Now what's the expectation when the wife reconciles?  There are LOTS of changes, but more importantly, the same change was made twice: 'eggs'.  What is the logical human expectation?

Well, one could argue that they should be alerted to the fact that there is a conflict.  One could argue that any modification to the list that needs reconciliation should alert the user.  But in this case, there is no conflict... Someone didn't say "I need eggs" and someone else said "Eggs are bought"... They're both saying "I need eggs".

The point is not that git happens to solve this particular problem better than any of the other SCMs (except perhaps real-time systems like google-docs; which are not always practical, and solve a different problem entirely), but that there are potentially DIFFERENT ways that this reconciliation can be applied.

Git's strength is that it doesn't enforce versioning patterns on the user.  It provides a default which can sometimes be confusing.  But not only can you reconcile in different ways, for different situations, but, YOU can CHANGE the history of a file. An administrator is not needed.  And if someone doesn't like that history, they can apply an alternate history in a different namespace (e.g. repository).
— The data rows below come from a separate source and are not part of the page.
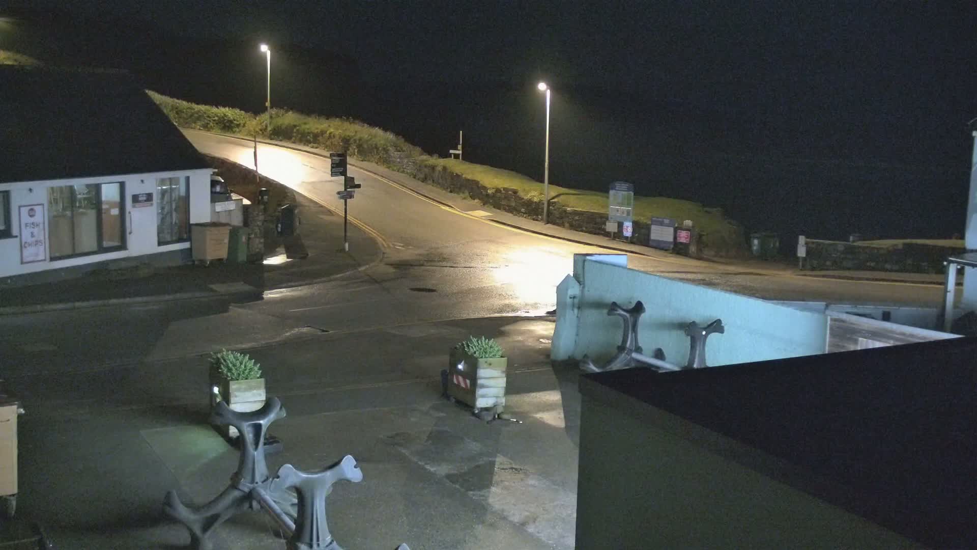 A grey, overcast day reveals a wet coastal road curving past a fish and chips shop towards a beach with crashing waves, backed by steep cliffs and distant headlands.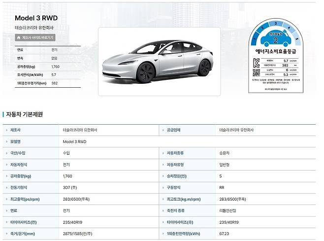 모델3 하이랜드는 국내에서 후륜구동인 RWD 트림과 사륜구동인 롱레인지 트림, 총 2가지로 선보인다. RWD 트림은 닝더스다이(CATL)의 67킬로와트시(㎾h) 용량의 리튬인산철(LFP) 배터리를 장착했다. 1회 충전 최대 382㎞ 주행할 수 있고, 전비는 5.7㎞/㎾h다. 최고출력은 283마력이고, 정지 상태에서 시속 100㎞까지 6.1초만에 도달한다.
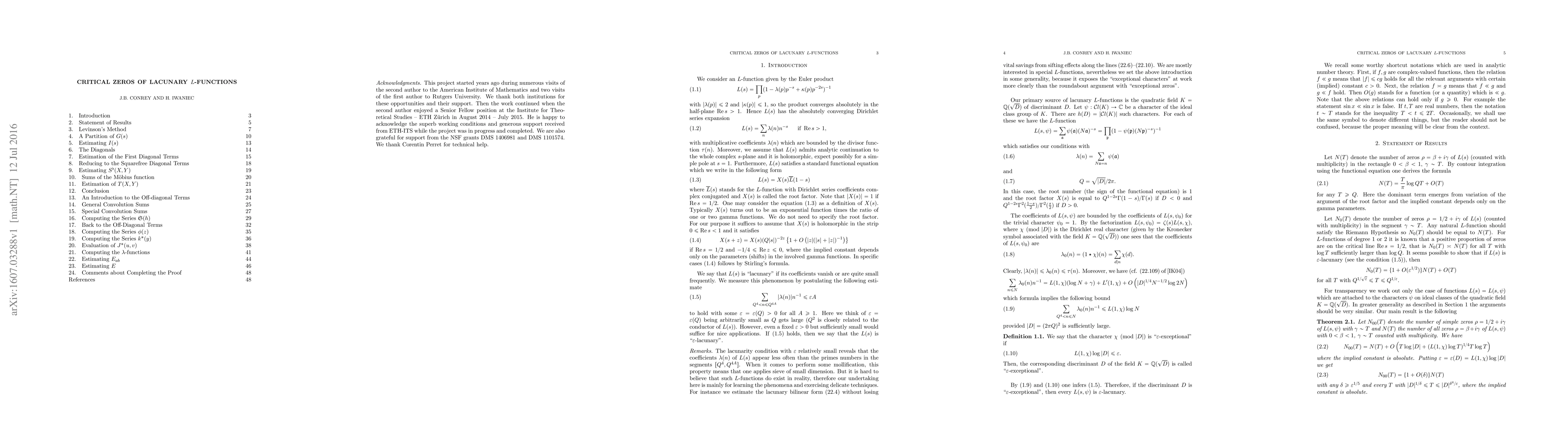 Assuming the existence of a sequence of exceptional discriminants of quadratic fields, we show that a hundred percent of zeros of the Riemann zeta function are on the critical line in specific segments. This is a special case of a more general statement for lacunary $L$-functions.

The KEY is that the ONLY thing that mattered was the contents of the file.  If, at the end of the day, the wife is able to see what she needs to buy, then how it got there (it's history and merge process) is irrelevant.

This isn't always a true statement.  Government audit records are not histories to be trifled with.  A single canonical representation is critical.  Even customer presented feature-change-lists should be immutable - they want to see version 1.2.3 followed by 1.3.5 followed by 2.0.9.  If that history got rearranged in the change-list of the next release, they'd be un-happy... And that's what canonical lists are for.  Lists that are intended to never have their histories changed, and where bureaucracy is mandatory for submission of changes.

BUT, this is only the final publication.. There are intermediate publications that go on all the time in life.. We chat verbally with our peers.. We exchange emails.. We email files.. We ftp/share files.  All outside of the canonical publication.. The only real question is whether a publication system can track those histories as well - since tracking things brings order to the chaos.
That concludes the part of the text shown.